这篇具有很好参考价值的文章主要介绍了Flume监听多个文件目录，并根据文件名称不同，输出到kafka不同topic中。希望对大家有所帮助。如果存在错误或未考虑完全的地方，请大家不吝赐教，您也可以点击"举报违法"按钮提交疑问。

一、Flume监听多个文件目录

1. flume的环境搭建和基础配置参考

https://blog.csdn.net/qinqinde123/article/details/128130131

2. 修改配置文件flume-conf.properties

#定义两个是数据源source1、source2
agent.sources = source1 source2
agent.channels = channel1
agent.sinks = sink1

#数据源source1：监听/home/sxvbd/bigdata/flumeTestDir目录
agent.sources.source1.type = spooldir
agent.sources.source1.spoolDir = /home/sxvbd/bigdata/flumeTestDir
# 文件名带路径，header中key=filePath
agent.sources.source1.fileHeader = true
agent.sources.source1.fileHeaderKey = filePath
# 文件名不带路径，header中key=fileName
agent.sources.source1.basenameHeader = true
agent.sources.source1.basenameHeaderKey = fileName

#数据源source2：监听/home/sxvbd/bigdata/flumeTestDir/temp目录·
agent.sources.source2.type = spooldir
agent.sources.source2.spoolDir = /home/sxvbd/bigdata/flumeTestDir/temp
# 文件名带路径，header中key=filePaht
agent.sources.source2.fileHeader = true
agent.sources.source2.fileHeaderKey = filePath
# 文件名不带路径，header中key=fileName
agent.sources.source2.basenameHeader = true
agent.sources.source2.basenameHeaderKey = fileName

#定义一个channel
agent.channels.channel1.type = memory
agent.channels.channel1.capacity = 1000000
agent.channels.channel1.transactionCapacity = 10000
agent.channels.channel1.keep-alive = 60

#重写sink，根据文件名称不同，推送到不同topic中
agent.sinks.sink1.type = com.demo.flume.LogToDiffentKafkaTopic
agent.sinks.sink1.kafka.bootstrap.servers = node24:9092,node25:9092,node26:9092
agent.sinks.sink1.parseAsFlumeEvent = false

#定义source channel  sink的关系
agent.sources.source1.channels = channel1
agent.sources.source2.channels = channel1
agent.sinks.sink1.channel = channel1

二、重写Sink，根据文件名称不同，消息发送到不同的topic中

flume监听到有新文件出现的时候，会将文件内容推送到kakfa的topic中，但是如果文件夹中有不同类型的文件，直接推送到kafka的同一个topic中，如果根据内容无法区分不同类型的文件，那就需要根据文件名称来区分。
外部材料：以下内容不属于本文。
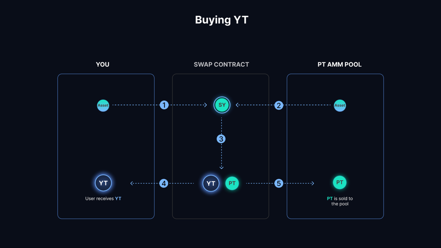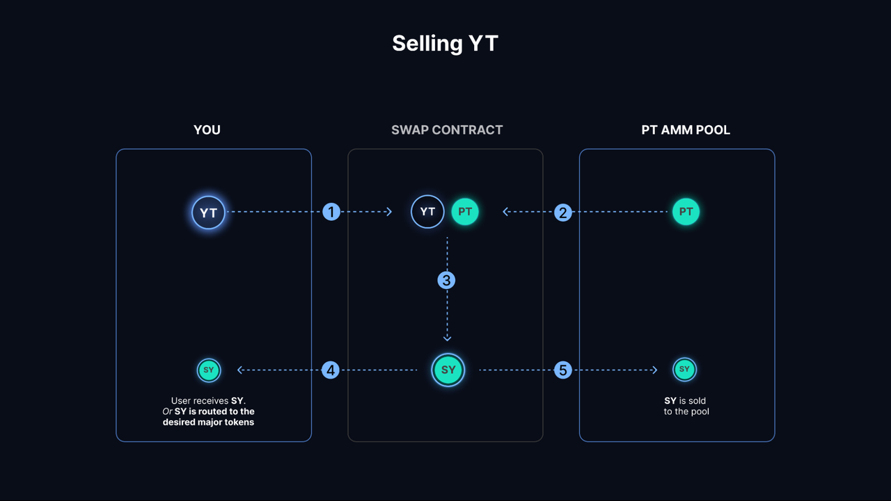 YT 持有者可以获得持有期间的该生息资产的全部收益,对应本金的收益权。如果收益是实时结算,那么持有 YT 可以随时领取已结算的收益,如果收益是到期后结算,用户只能在到期后凭 YT 领取收益,YT 对应的收益被领取完毕后,YT 资产将失效。购买 YT 的行为是一种 long yield 的行为,即认为该生息资产未来的收益率将会上升,获得的总收益将高于目前购买 YT 的价格。YT 为用户提供了一个收益杠杆,不需要购买完整的生息资产,就可以直接购买收益权,但如果收益率大幅下跌,YT 资产面临着亏本的问题,因此相比于 PT 资产,YT 是高风险、高收益的资产。

flume本身根据配置无法实现，只能通过重写Sink，根据文件名称，将内容推送到kafka的不同topic。

Flume监听多个文件目录，并根据文件名称不同，输出到kafka不同topic中
看了一下官网的开发文档,要想自定义一个Sink也很简单,只需要继承一个抽象类 AbstractSink 和一个用于接收配置参数的接口 Configurable 即可.然后呢就需要实现两个方法一个就是public Status process() throws EventDeliveryException {}这个方法会被多次调用,反复执行,也就是通过它来实时的获取Channel流出来的数据;第二个就是public void configure(Context context) {} 这个方法主要是通过传入的这个Contex上下文对象.来个获取配置文件中的参数,一些初始化的工作可以写在这个方法里面.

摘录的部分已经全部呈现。